In the early morning hours of February 4, 2009, some 10 police officers dragged Gao Zhisheng from his family home in Shaanxi province and quickly disappeared into the darkness. The police gave no reason for the abduction of the prominent human rights activist, and Gao has not been seen or heard from since that day.
In September the police told his brother that Gao had gone missing while on a walk. On January 20 this year, a Western journalist quoted an unidentified security officer as saying Gao was alive and in custody. The following day, Ma Zhaoxu , a spokesman for the Ministry of Foreign Affairs, smugly said that judicial authorities had decided Gao's case and that he was 'where he should be'. On February 2, Ma changed his story. 'Honestly speaking, I don't know where he is. China has 1.3 billion people and I can't know all of their whereabouts.'
Then, on February 14, the Chinese embassy in Washington told a human rights group that Gao was 'working' in Urumqi , and had been in touch with his wife, Geng He - a claim she has denied. 'For a very long time I have not heard from him, and I do not know where he is now,' she said in a statement released by the New York-based group Human Rights in China.

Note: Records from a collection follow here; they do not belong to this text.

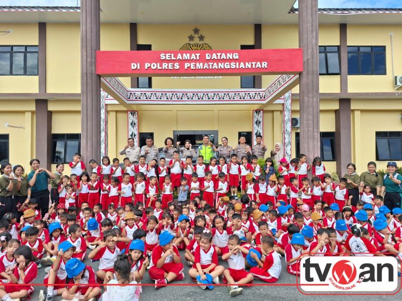 TVWAN.ID, PEMATANGSIANTAR | – Satuan Lalu Lintas Polres Pematangsiantar menerima kunjungan edukatif dari 180 siswa Taman Kanak-Kanak (TK) Cinta Rakyat di Markas Komando Polres Pematangsiantar, Jalan Sudirman, Kecamatan Siantar Barat, Jumat (20/2) sekitar pukul 09.00 WIB.
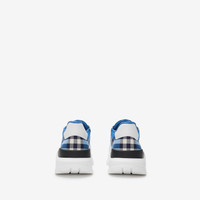 Product Details Sneakers made in Italy from a nylon blend woven with a seasonal Burberry Check and trimmed with calf leather. The style is set on a chunky, curved sole with a tonal raised logo at the front strap. - Lace-up and Velcro-strap closure - Raised Burberry lettering at strap, embossed Burberry lettering at heel - Comes with a dust bag - Item 81106261 Fabric & Care - Upper: 93% polyamide, 4% calf leather, 3% polyurethane* - Trim: 70% polyester, 10% polyamide, 10% thermoplastic polyurethane, 10% zinc alloy - Lining: 54% polyester, 38% sheep leather, 8% goat suede - Sole: 100% rubber - *The main material of this product is made with at least 50% recycled content - Made in Italy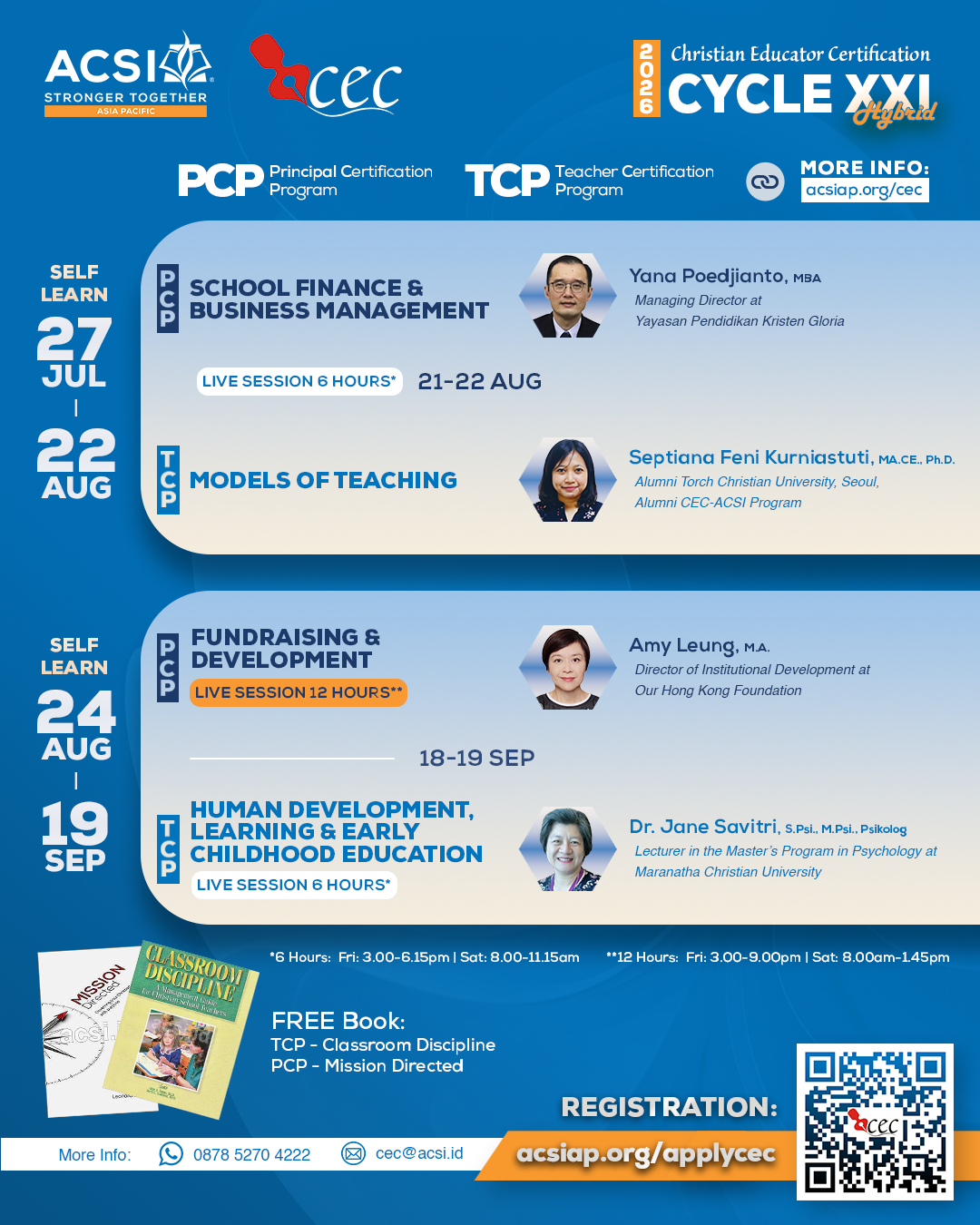 Principal Certification Program (PCP) terdiri dari modul-modul yang kami percaya dapat berguna dan membantu para kepala sekolah, pimpinan sekolah, dan bahkan anggota yayasan sekolah untuk lebih lebih diperlengkapi dalam memimpin sekolah dan menjadikannya terus bertumbuh dan berkembang.

A blogger even posted photos of someone alleged to be Gao, which some believed might have been altered, and wrote that he was working in a company in Urumqi. The report contained many factual errors.
This flurry of vague statements would be amusing were it not for the fact that the government's unwillingness to give a concrete answer may well mean that Gao, who was brutally tortured in 2007, may have been subjected to such severe psychological or physical abuse that he can't be shown in public. Some fear even worse.
A Western human rights scholar, who has been following the case closely, says that while there's no evidence, it's possible that Gao has been hurt so badly that they 'can't display him because it's too visible what they did to him'.
Jerome Cohen, co-director of New York University's US-Asia Law Institute, and a leading expert on the Chinese legal system, speculates that if this is the case, that the government may be 'playing for recovery time'.